REQUIRED WORK ▸ Return all of the data verbatim, dropping any picture.
═══
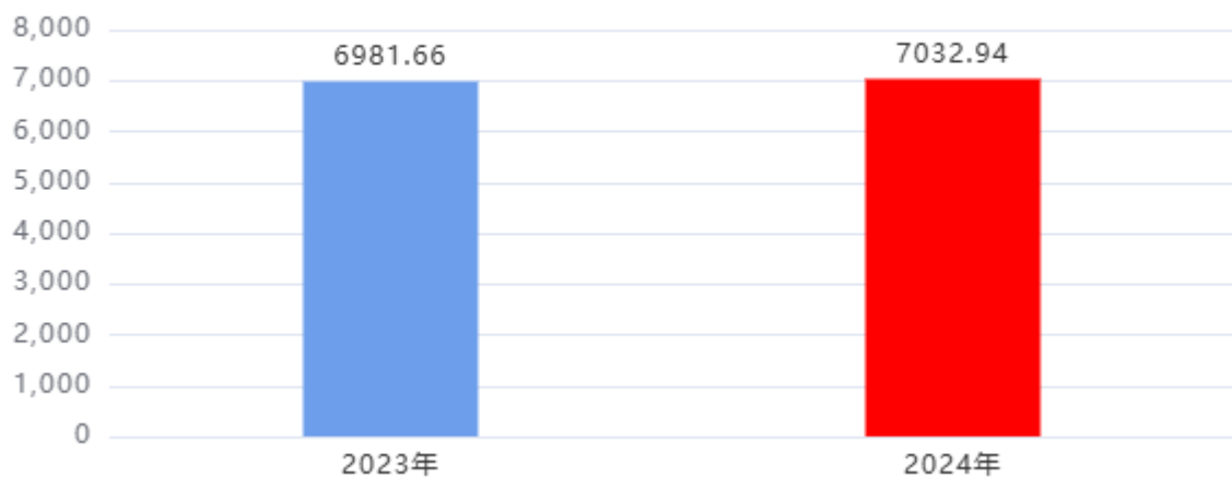
财政拨款收、支决算总计变动情况图（单位：万元）

2024年度财政拨款收、支总计7,032.94万元。与2023年度相比，财政拨款收、支总计各增加51.28万元，增长0.73%，主要原因是：公用经费增加。
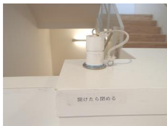
階段踏み場ドアストッパー
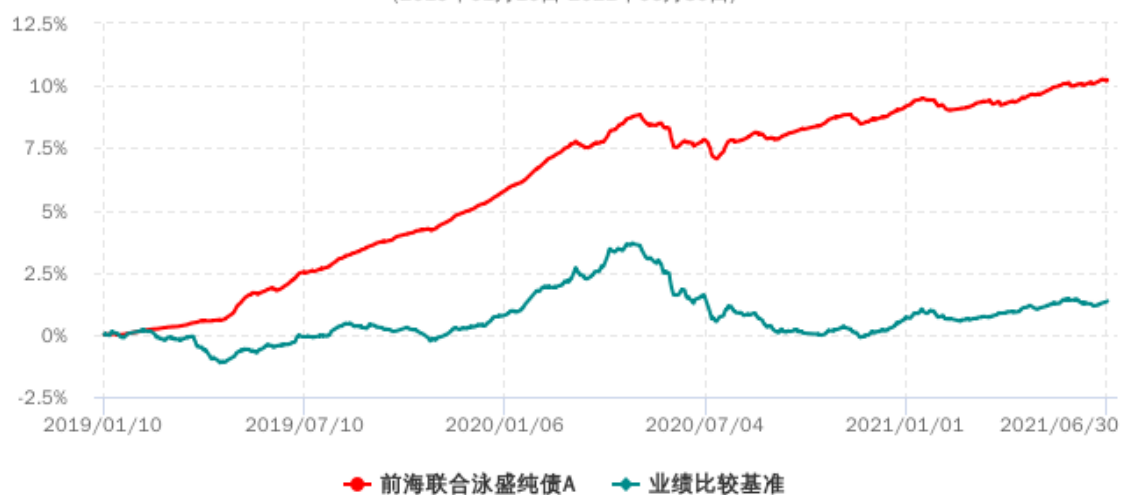
前海联合泳盛纯债A累计净值增长率与业绩比较基准收益率历史走势对比图 (2019年01月10日-2021年06月30日)
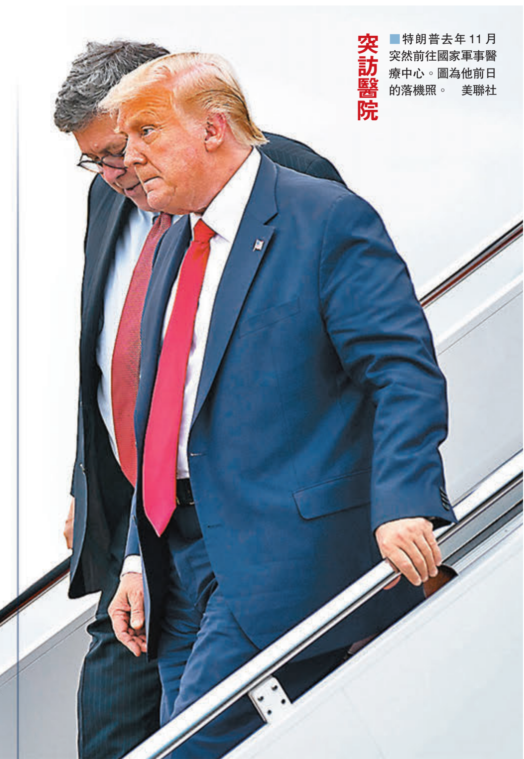
特朗普去年11月突然前往國家軍事醫療中心。圖為他前日的落機照。
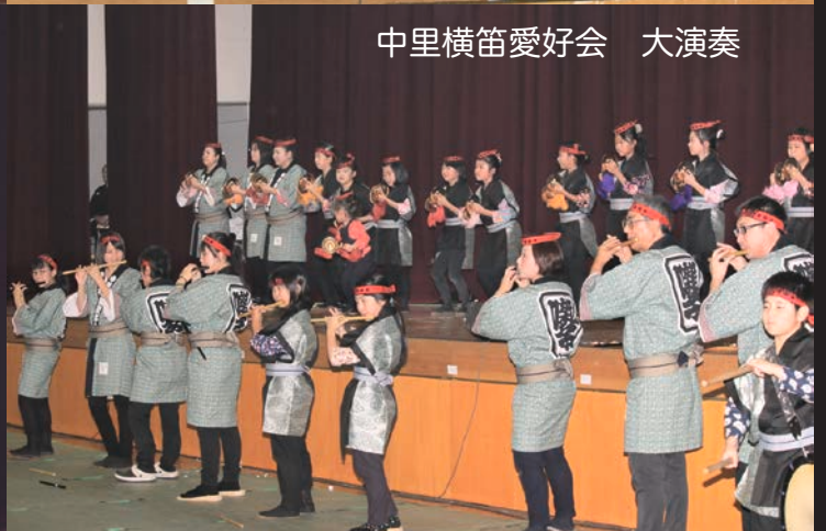
中里横笛愛好会 大演奏
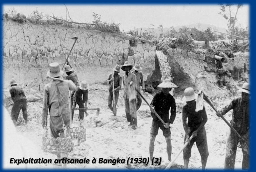
Exploitation artisanale à Bangka (1930) [2]

L'exploitation des mines d'étain sur l'île de Bangka a de lourds impacts environnementaux et sociaux. Exploitée depuis le 18 ème siècle, l'île a cependant connu une intensification des exploitations, en particulier illégales, suite à un changement législatif en 1999. L'emprise des exploitations alluvionnaires serait de 5 000 hectares. Les sols et les lits des cours d'eau sont profondément remaniés puis laissés à l'abandon ; empêchant le développement ultérieur de la végétation.
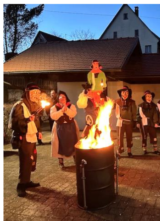
Das Fasnetsverbrennen mit anschließendem Kehraus
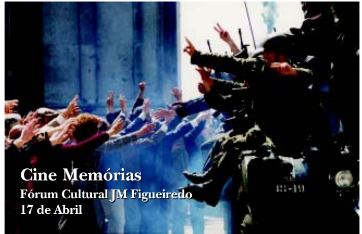
Cine Memórias Fórum Cultural JM Figueiredo 17 de Abril
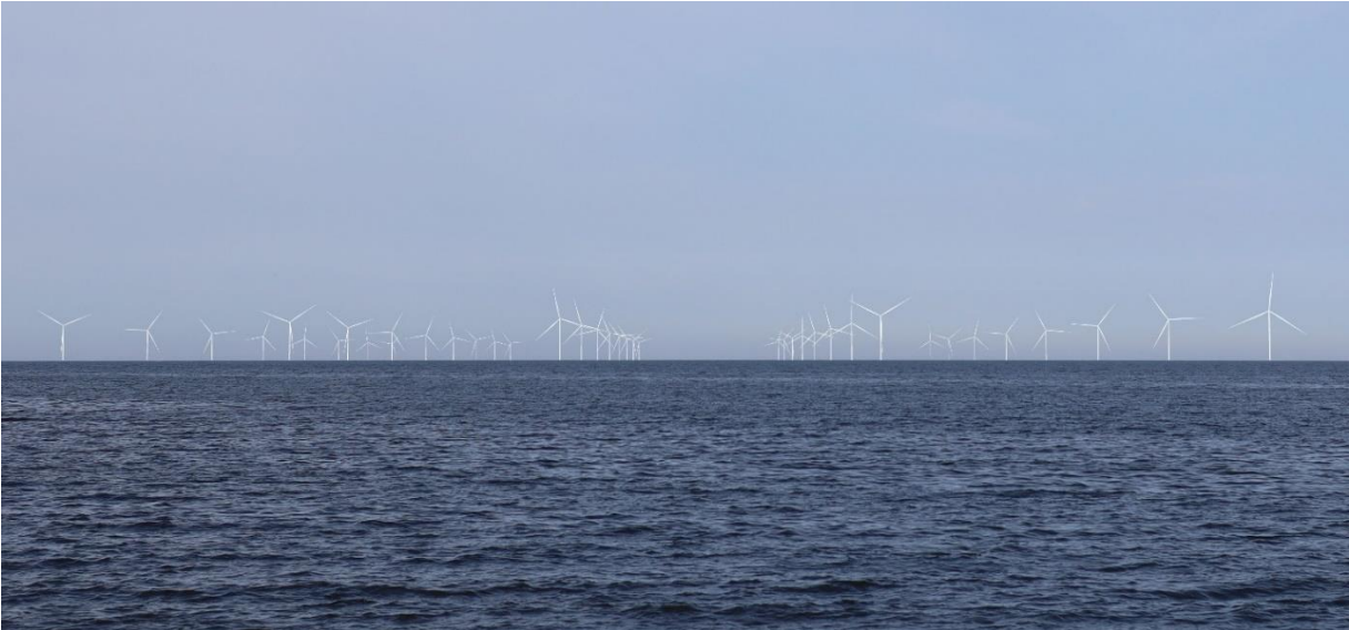
Kuva 7 Mallinnettu näkymä katselupisteestä 3, Hanhikiven edustalta länteen. Kuvassa on esitetty Raahen ja Pyhäjoen tuulivoimalat.
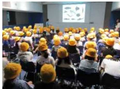
解説員の話聞く様子

今年度初めての3・4年生合同の活動を通して仲を深めることができました。今後も様々な行事、休み時間などでより仲を深めていきたいと思っています。
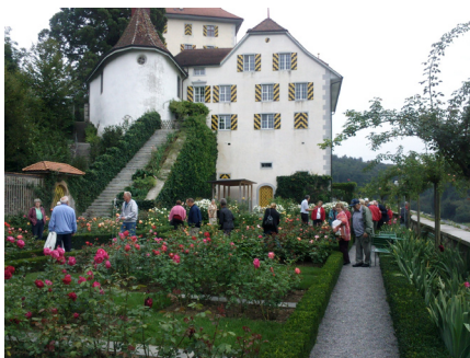
Schloss Heidegg mit Rosengarten

Der Himmel war wolkenverhangen, als sich am 7. September 43 Seniorinnen und Senioren zur halbtägigen Herbstreise 60+ einfanden. Vergnügt fuhren wir auf interessanten Umwegen zum Schloss Heidegg in Gelfingen oberhalb des Baldeggersees. Dort teilte sich die Gruppe auf. Die einen wurden unter kundiger Leitung durch das Schloss geführt, die anderen liessen sich in dem in voller Blüte stehenden und duftenden Rosengarten allerlei erklären oder zogen auf eigene Faust los.
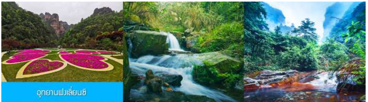
อุทยานฟงเหลียนซี
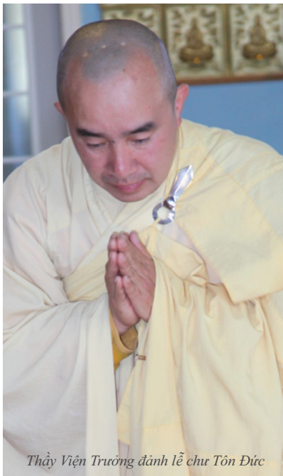
Thầy Viện Trưởng dâng lễ chư Tôn Đức
═══
REPLY ▸
财政拨款收、支决算总计变动情况图（单位：万元）

2024年度财政拨款收、支总计7,032.94万元。与2023年度相比，财政拨款收、支总计各增加51.28万元，增长0.73%，主要原因是：公用经费增加。
階段踏み場ドアストッパー
前海联合泳盛纯债A累计净值增长率与业绩比较基准收益率历史走势对比图 (2019年01月10日-2021年06月30日)
特朗普去年11月突然前往國家軍事醫療中心。圖為他前日的落機照。
中里横笛愛好会 大演奏
Exploitation artisanale à Bangka (1930) [2]

L'exploitation des mines d'étain sur l'île de Bangka a de lourds impacts environnementaux et sociaux. Exploitée depuis le 18 ème siècle, l'île a cependant connu une intensification des exploitations, en particulier illégales, suite à un changement législatif en 1999. L'emprise des exploitations alluvionnaires serait de 5 000 hectares. Les sols et les lits des cours d'eau sont profondément remaniés puis laissés à l'abandon ; empêchant le développement ultérieur de la végétation.
Das Fasnetsverbrennen mit anschließendem Kehraus
Cine Memórias Fórum Cultural JM Figueiredo 17 de Abril
Kuva 7 Mallinnettu näkymä katselupisteestä 3, Hanhikiven edustalta länteen. Kuvassa on esitetty Raahen ja Pyhäjoen tuulivoimalat.
解説員の話聞く様子

今年度初めての3・4年生合同の活動を通して仲を深めることができました。今後も様々な行事、休み時間などでより仲を深めていきたいと思っています。
Schloss Heidegg mit Rosengarten

Der Himmel war wolkenverhangen, als sich am 7. September 43 Seniorinnen und Senioren zur halbtägigen Herbstreise 60+ einfanden. Vergnügt fuhren wir auf interessanten Umwegen zum Schloss Heidegg in Gelfingen oberhalb des Baldeggersees. Dort teilte sich die Gruppe auf. Die einen wurden unter kundiger Leitung durch das Schloss geführt, die anderen liessen sich in dem in voller Blüte stehenden und duftenden Rosengarten allerlei erklären oder zogen auf eigene Faust los.
อุทยานฟงเหลียนซี
Thầy Viện Trưởng dâng lễ chư Tôn Đức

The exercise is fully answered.